WORK TO BE COMPLETED :: As you restate the entries, keep every word intact and leave out whatever images they hold.

* * * * *

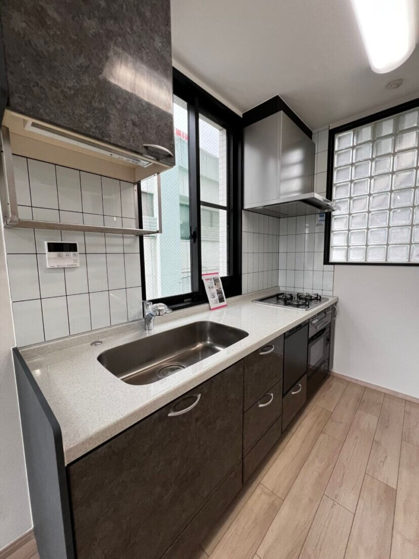 コーティング、洗面台新調、キッチンガスコンロとレンジフード新調
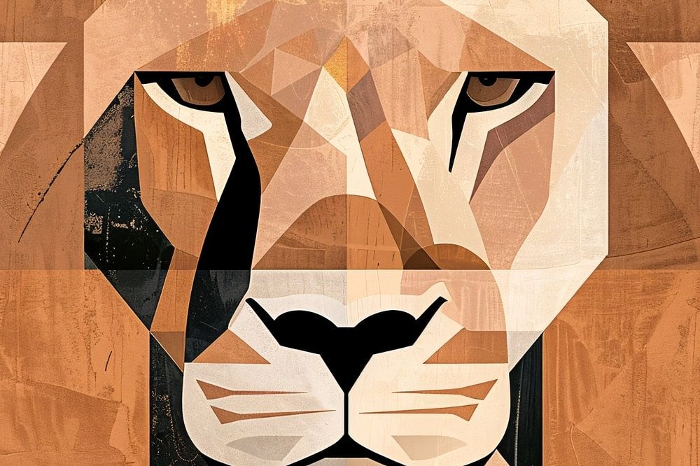 Ce design art déco élégant offre une interprétation moderne et abstraite du lion majestueux. La composition harmonieuse de formes géométriques et de couleurs douces et terreuses reflète un aspect à la fois apaisant et puissant. Cette création joue avec les frontières entre les contours familiers de la nature et l'expression artistique stylisée. La palette de couleurs monochromes est parsemée d'accents d'orange et de beige, dégageant une chaleur qui peut faire de n'importe quel espace un centre d'intérêt. Qu'il s'agisse d'une pièce maîtresse dans un salon minimaliste ou d'un sujet de conversation dans un bureau élégant, cette œuvre d'art est conçue pour capter le regard et ne plus le lâcher.
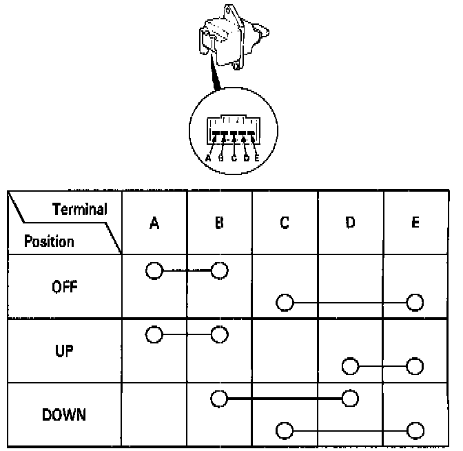 3. Check for continuity between the terminals in each switch position according to the table.
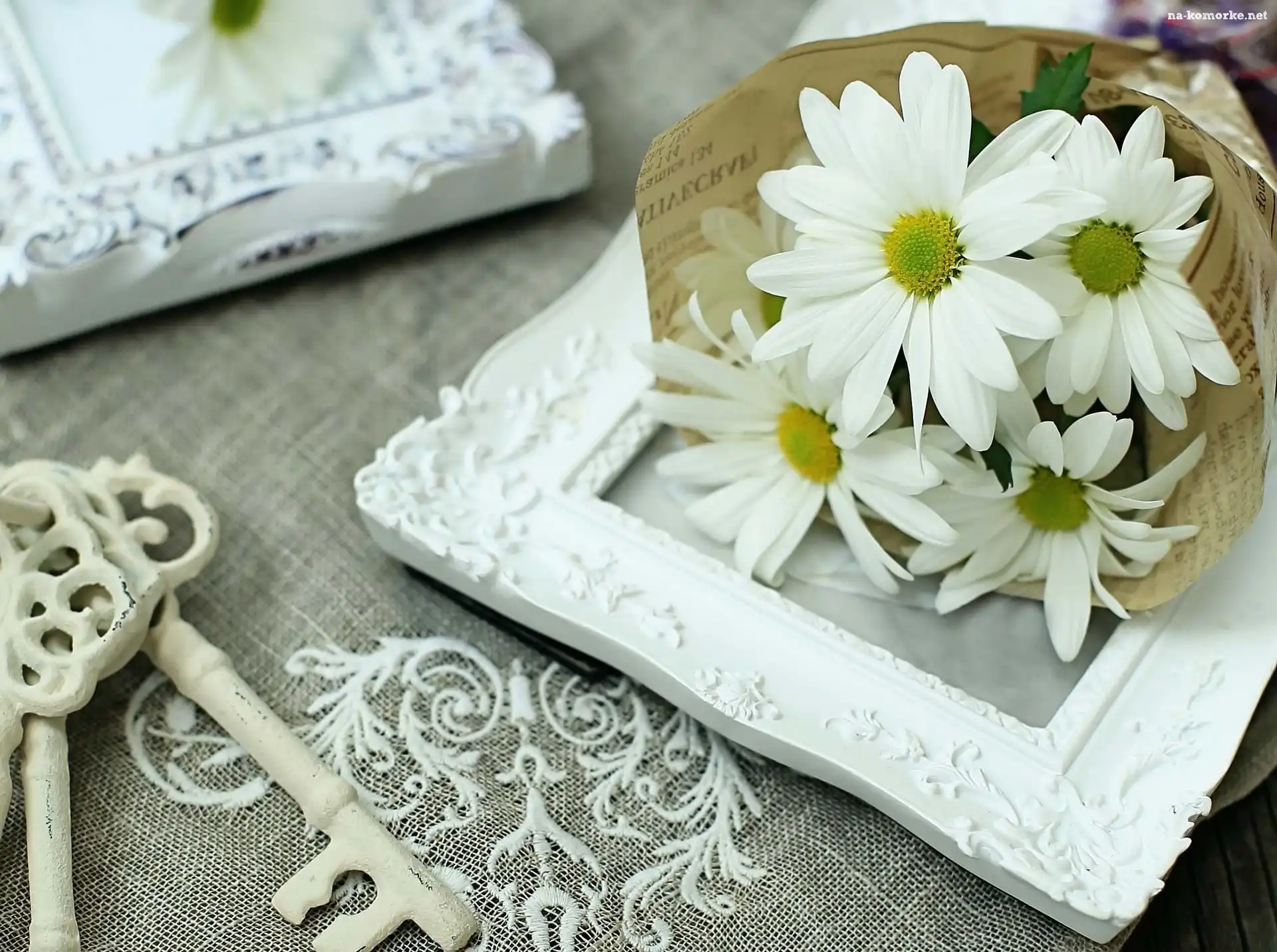 Ramki, Biale, Kwiaty, Kompozycja, Margerytki, Klucze na Komórkę
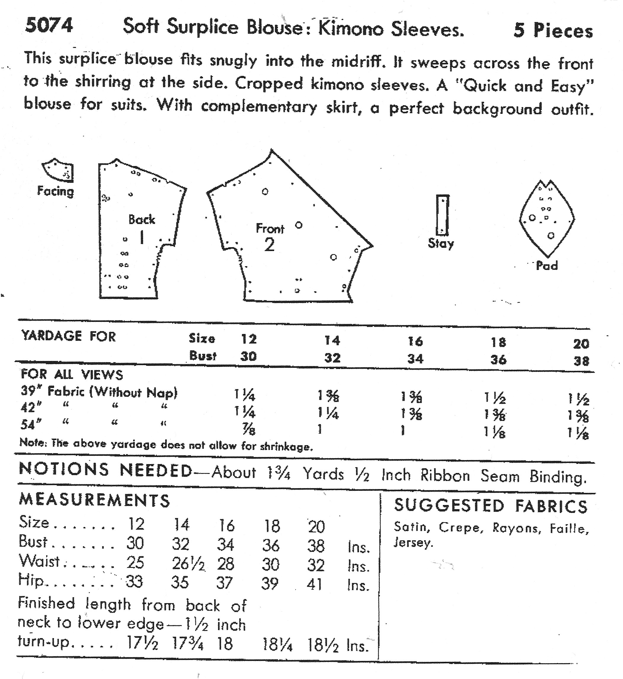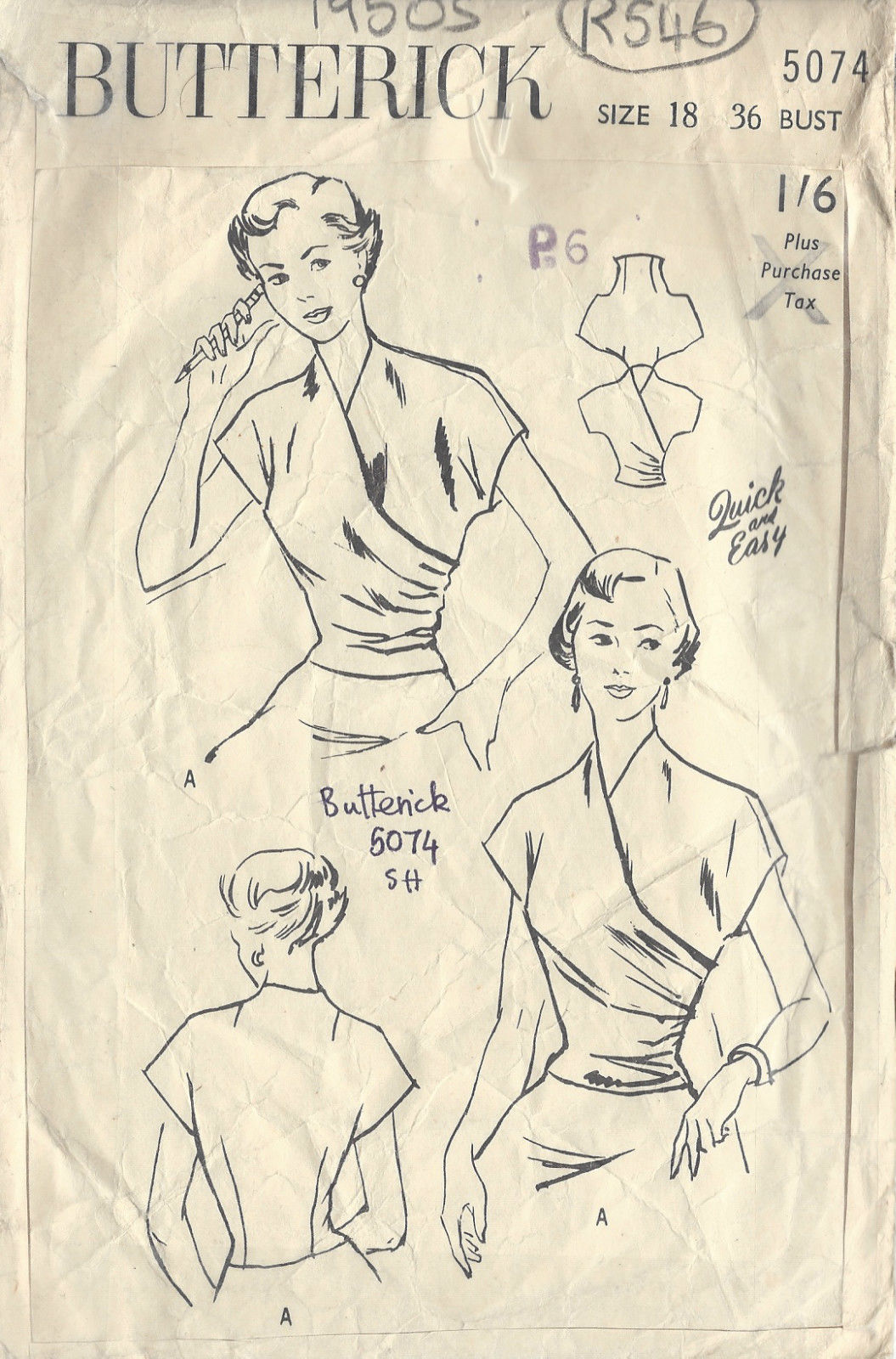 1950s Vintage Sewing Pattern BLOUSE B36″ (R546) By Butterick 5074
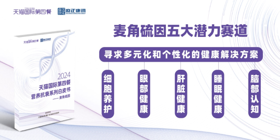 天猫国际第四餐与庶正康讯联合发布的《营养抗衰白皮书——麦角硫因》显示,随着消费者对多元化健康方案需求的升级,麦角硫因的应用正从单一的美容抗衰向更广泛的健康领域拓展。白皮书明确指出,凭借其卓越的细胞保护与抗氧化特性,麦角硫因将在细胞养护、眼部健康、肝脏健康、睡眠健康及脑部认知这五大潜力赛道上迎来爆发式增长。

* * * * *

RESULT BELOW ::
 コーティング、洗面台新調、キッチンガスコンロとレンジフード新調
 Ce design art déco élégant offre une interprétation moderne et abstraite du lion majestueux. La composition harmonieuse de formes géométriques et de couleurs douces et terreuses reflète un aspect à la fois apaisant et puissant. Cette création joue avec les frontières entre les contours familiers de la nature et l'expression artistique stylisée. La palette de couleurs monochromes est parsemée d'accents d'orange et de beige, dégageant une chaleur qui peut faire de n'importe quel espace un centre d'intérêt. Qu'il s'agisse d'une pièce maîtresse dans un salon minimaliste ou d'un sujet de conversation dans un bureau élégant, cette œuvre d'art est conçue pour capter le regard et ne plus le lâcher.
 3. Check for continuity between the terminals in each switch position according to the table.
 Ramki, Biale, Kwiaty, Kompozycja, Margerytki, Klucze na Komórkę
 1950s Vintage Sewing Pattern BLOUSE B36″ (R546) By Butterick 5074
 天猫国际第四餐与庶正康讯联合发布的《营养抗衰白皮书——麦角硫因》显示,随着消费者对多元化健康方案需求的升级,麦角硫因的应用正从单一的美容抗衰向更广泛的健康领域拓展。白皮书明确指出,凭借其卓越的细胞保护与抗氧化特性,麦角硫因将在细胞养护、眼部健康、肝脏健康、睡眠健康及脑部认知这五大潜力赛道上迎来爆发式增长。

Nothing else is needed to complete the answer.